Take the tablet concept for example, its work design and concepts have been in full product release by other companies yet to the albeit sober minds who had no knowledge of the history of technology, Apple “invented” the tablet.

So it has been with Siri and Speech Recognition.

So much so, when Android developers pushed out IRIS, a sirilike mod application of SIRI ( note too, that IRIS is SIRI backwards) for the android app store over a weekend hackathon, comments on the blogs announcing that milestone were brutal.

Some suggested they be sued, others were like “ Apple ALWAYS does it first, everyone follows…”

In this field too however, there have always been subtle forerunners.

So the other day I was typing a speech on my laptop (it runs Windows 7). I was helping out a friend’s parent by writing her speech for her retirement dinner.

I always use Avafind to trace my references and resources. I think the wizards who created Avafind deserve better, it’s the quickest way to anything on ones computer.

This time however, I clicked the windows start button, and in the search box under my programs,typed the word “Speech”.

You would never guess what happened. If you haven’t tried it, you should.

Up pops this little elliptical chrome interface with a microphone,a mic meter, a darkened text instruction screen with the silvery words “listening”.



So this little tyke is Microsoft’s speech recognition software for Windows, and she’s been here on my laptop all this time!
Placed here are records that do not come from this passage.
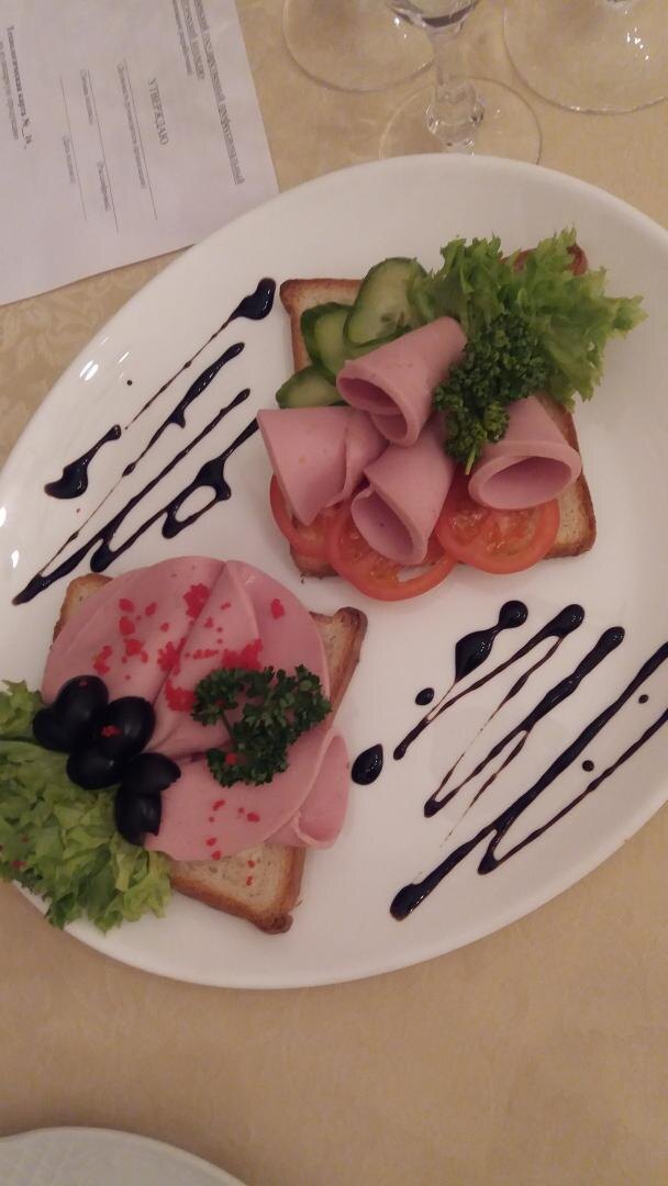 Необычная подача на стол. Ингредиенты: Выложите все ингредиенты слоями. Ветчину сделать легко в виде розочки, лилии. Тарелку я декорировала бальзамическим уксусом. Приятного аппетита!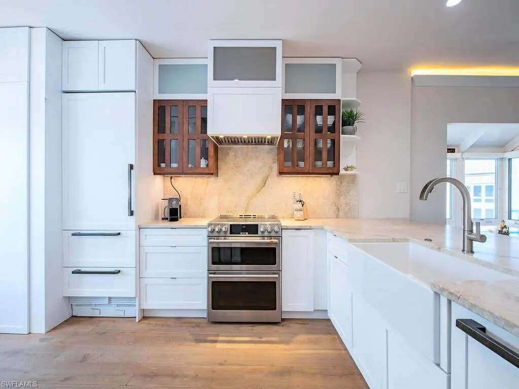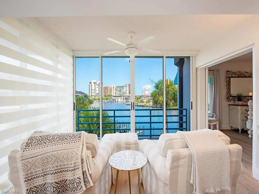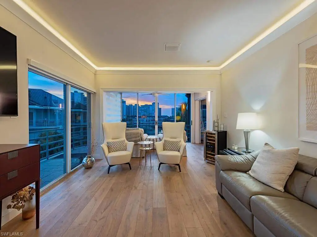 Park Shore Landings is one of the most sought-after low-density bay-front communities in Naples, ideally positioned along the serene waters of Venetian Bay and just a short stroll to the shops and dining found at Venetian Village. Known for its intimate setting, manicured grounds, and private beach access, the community offers a relaxed yet upscale coastal lifestyle in the heart of Park Shore. The unit offered is a rarely available top-floor, end-unit showcasing unobstructed western views across the bay, where evening skies and water reflections create a quiet, dramatic backdrop. The open-concept floor plan connects the kitchen, dining, office nook, and living areas, with natural light pouring in from multiple exposures, while the two bedrooms and two bathrooms are quietly secluded. Additional notable enchancements include rich wood floors throughout, a modernized kitchen with stainless steel appliances and precoius-stone countertops, as well as custom lighting-offering both style and comfort in every detail. Park Shore Landings features a bay-front pool and spa, private guest suite, grilling areas, available boat docks, and a resident clubhouse. Owners also enjoy private beach access through the Park Shore Association. This is a prime opportunity to own in one of Park Shore's most desirable bay-front enclaves, just minutes from Gulf beaches, Waterside Shops, the upcoming Four Seasons Naples Beach Club, and downtown Naples.
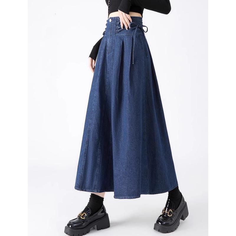 Frühling Herbst Damen Übergröße Mode Hohe Taille Lässig Jeansrock Midilänge A-Linien-Rock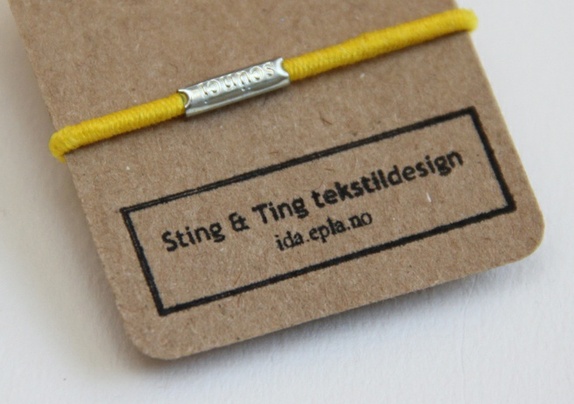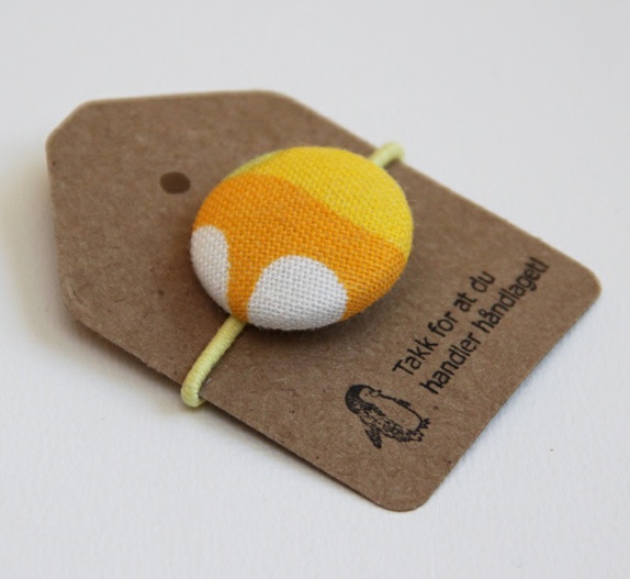 Selve strikken er ca 8 cm rundt, og den stofftrekte pynten 2,3 cm i diameter.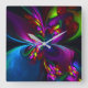 Modernes Abstraktes Blumenmuster Red Blue #15 Quadratische Wanduhr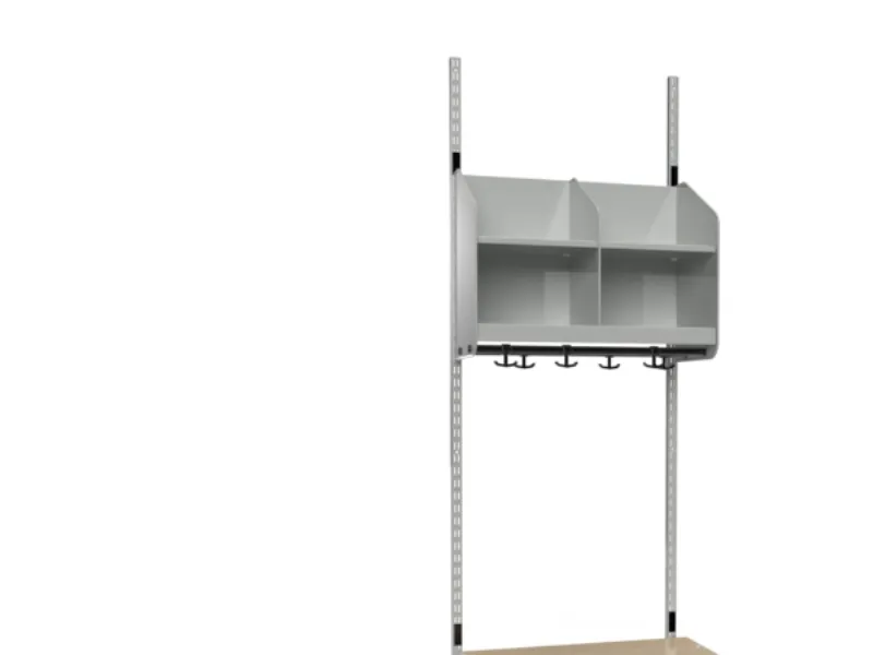 BST kombination C. Garderobens startsektion med 2 platser och bänk. Garderob och skohylla med skiljeväggar i pulverlackerad vit metall, RAL 9010. Bänk med sits i björk högtryckslaminat. 2 väggskenor och garderobsskena med 6 förankringskrokar. Platsbredd 300 mm och totalbredd 615 mm.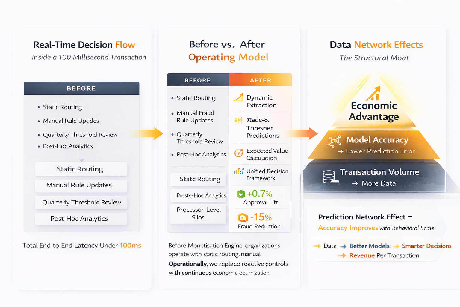 Before Monetisation Engine, organizations operate with static routing, manual rule updates, and quarterly fraud threshold reviews.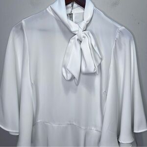 Zara White Peplum Blouse Batwing Sleeve Necktie Bow Size Small
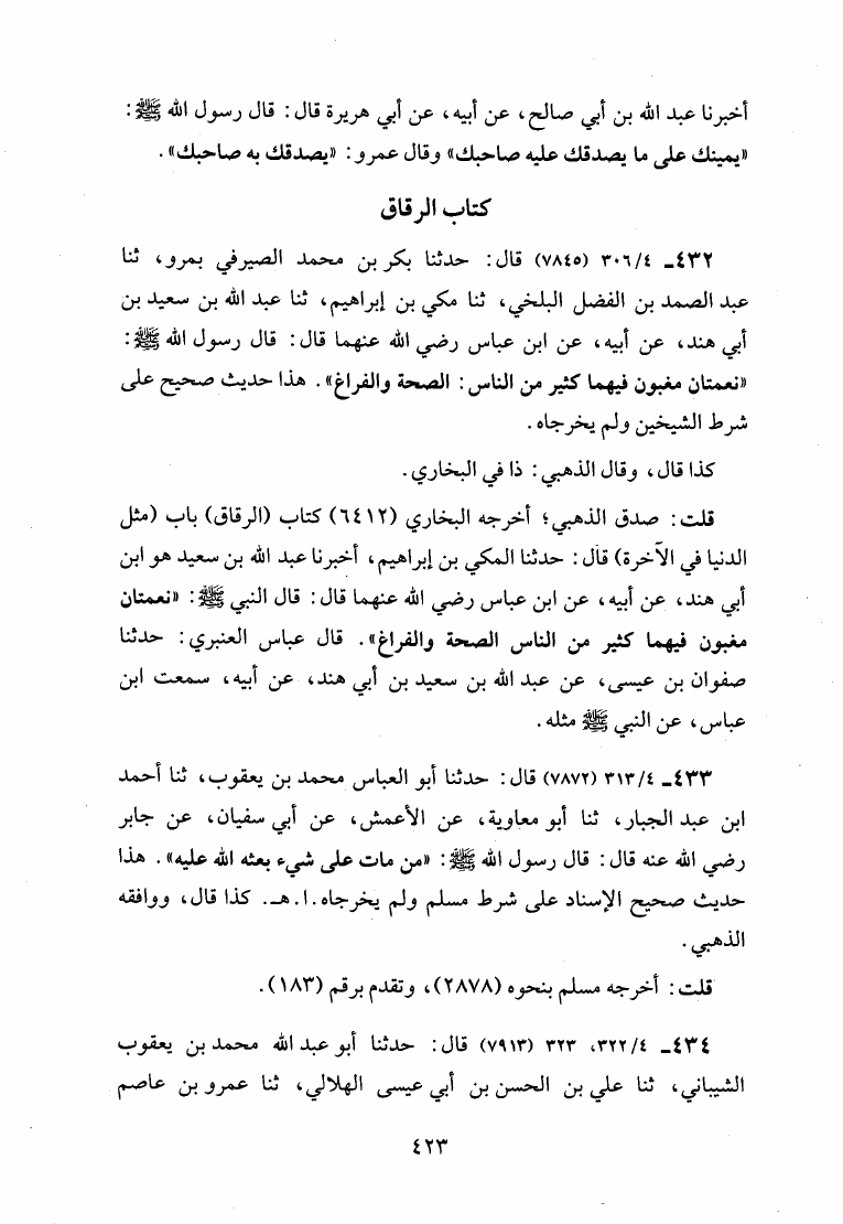 الانتباه لما قال الحاكم ولم يخرجاه وهو في أحدهما أو روياه (ط. الأوقاف القطرية)
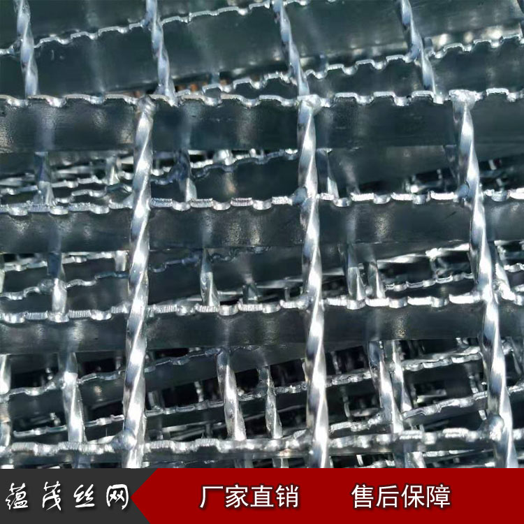 防滑钢格栅板也叫锯齿形钢格栅板由一面是锯齿状的扁钢焊接而成,或者是锯齿形的扁钢和锯齿形的扁钢交叉焊接而成。除具有普通钢格板的特点和用途以外还具有较强的防滑能力,尤其适用于潮湿、滑腻的地方,海上采油平台等。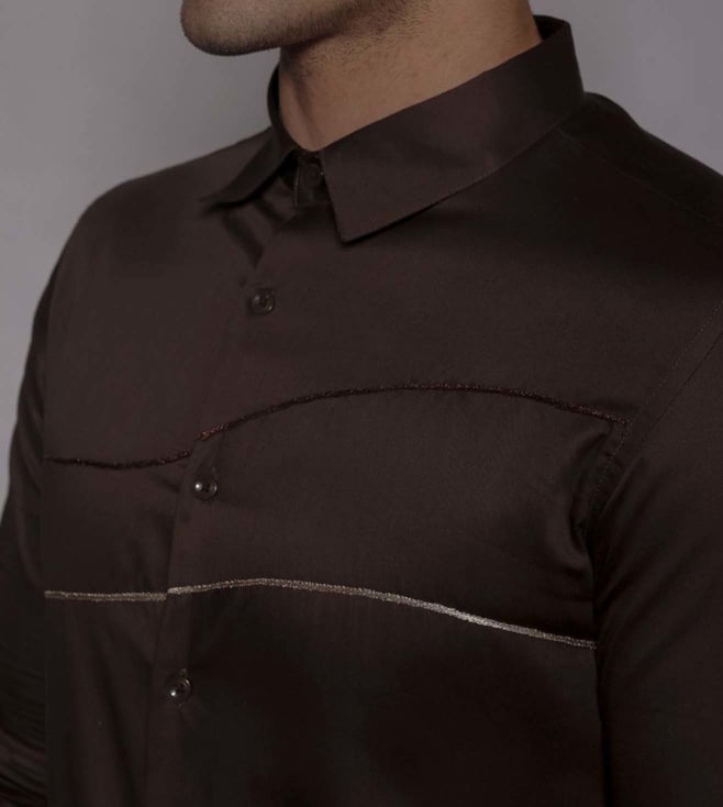 This cotton satin full-sleeve shirt has a classic collar and front panel abstract zari embroidery. Finished with a clean hemline, it balances simplicity and festive sophistication. Pair with tailored trousers and polished shoes for a refined evening look. Disclaimer: All other items in the image are only for display purposes and will not be a part of the delivery content. Product colour may slightly vary due to photographic lighting sources. Country of Origin - India.

Its a pretty nifty bit of software. The commands on windows are not so puny as those one handles on Siri, so it requires a bit of machine learning for it to understand how you speak and say certain words, through some tutorials, where it gives you sentences to dictate to your computer.

You also need some learning too, the commands on how to switch from application to application, open different programs, exit, open a tab…

The best aspect is the dictation feature, which works pretty well.

The concept takes some getting used to, and unlearning typing to familiarize oneself to speaking to the computer is no mean feat, especially the aspects of thought process and flow of ideas. I may soon be posting blogs fully from dictation, but not just yet…

when you try it you quickly realize how complicated some of the tasks on a computer are.

The ability of the machine to first learn to listen to you, and then compute your commands into functions is pretty impressive.

I really admire the guys at call centers doing remote PC helpdesk. Ever tried to remotely help someone to carry out a Word or Excel task that they have never done before?

“ click on…go down the menu, click on this, right click …” Its pretty hard work.Especially when the person on the other end is not a power user.

Right now as is, Microsoft’s speech recog software is not plug and play, however, I am certain with the current interest in speech recognition software, Windows 8 will have some pretty impressive speech features. They actually hint at this on the Windows 8 Beta Portal.